WHAT IS EXPECTED:
Copy down the listing below exactly. Do not include pictures.

INFORMATION SUPPLIED:
______

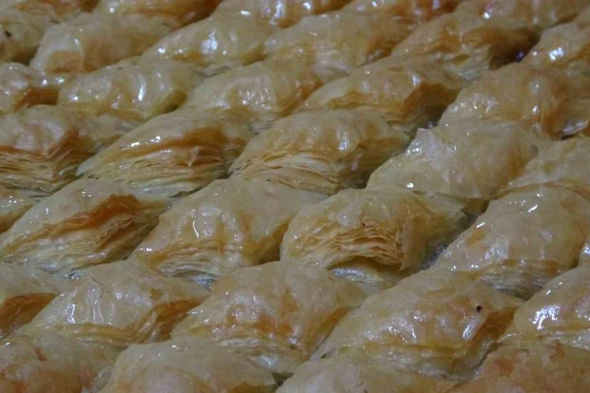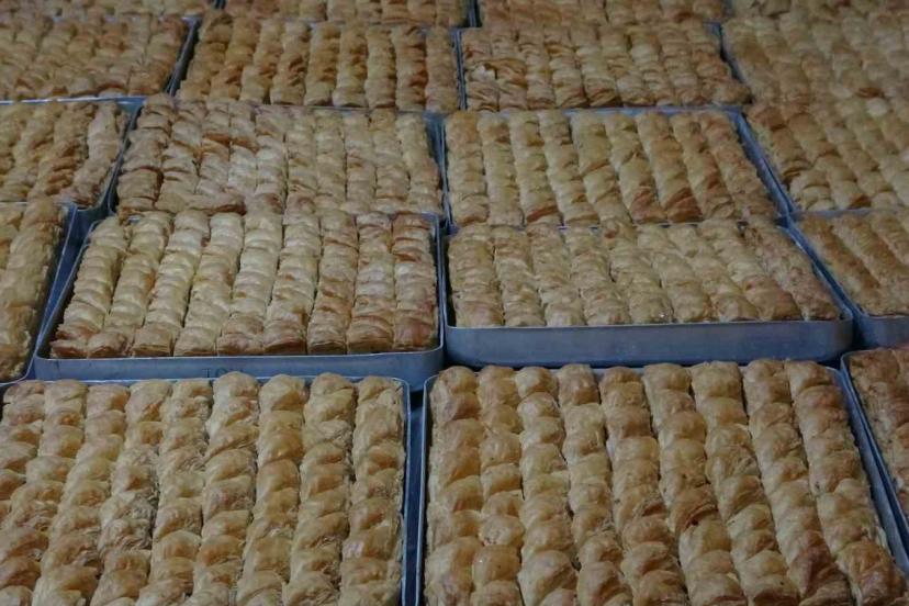Malatya’nın Battalgazi ilçesinde kadınlar, Ramazan Bayramı öncesi artan baklava ve tatlı siparişlerini yetiştirmek için yoğun mesai harcıyor.
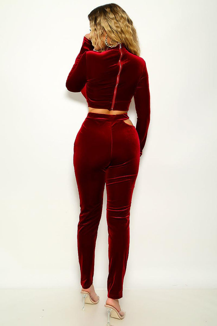 Sexy Wine Two Piece Long Sleeve Pants Outfit
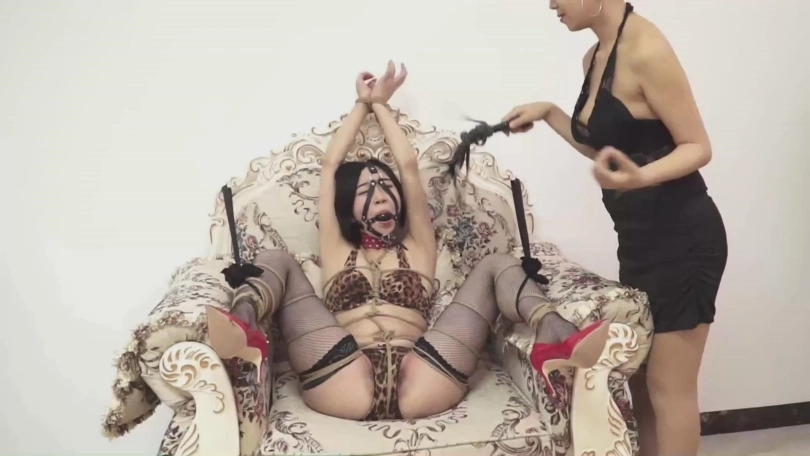 老板娘玩得正嗨,忽然有人敲门。女孩趁机大声呜呜呜叫。
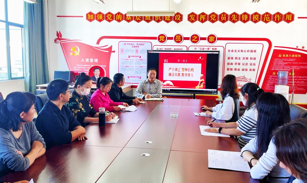 教师一支部书记吕武庆作“廉洁自律,恪尽职守”党课;教师二支部书记田敏作“坚守初心,笃定立行”党课;员工一支部书记张萍作“强化廉政意识,筑牢思想防线”党课;员工二支部朱玉玲作“守纪律、做表率”党课。

______

ANSWER BOX:
Malatya’nın Battalgazi ilçesinde kadınlar, Ramazan Bayramı öncesi artan baklava ve tatlı siparişlerini yetiştirmek için yoğun mesai harcıyor.
 Sexy Wine Two Piece Long Sleeve Pants Outfit
 老板娘玩得正嗨,忽然有人敲门。女孩趁机大声呜呜呜叫。
 教师一支部书记吕武庆作“廉洁自律,恪尽职守”党课;教师二支部书记田敏作“坚守初心,笃定立行”党课;员工一支部书记张萍作“强化廉政意识,筑牢思想防线”党课;员工二支部朱玉玲作“守纪律、做表率”党课。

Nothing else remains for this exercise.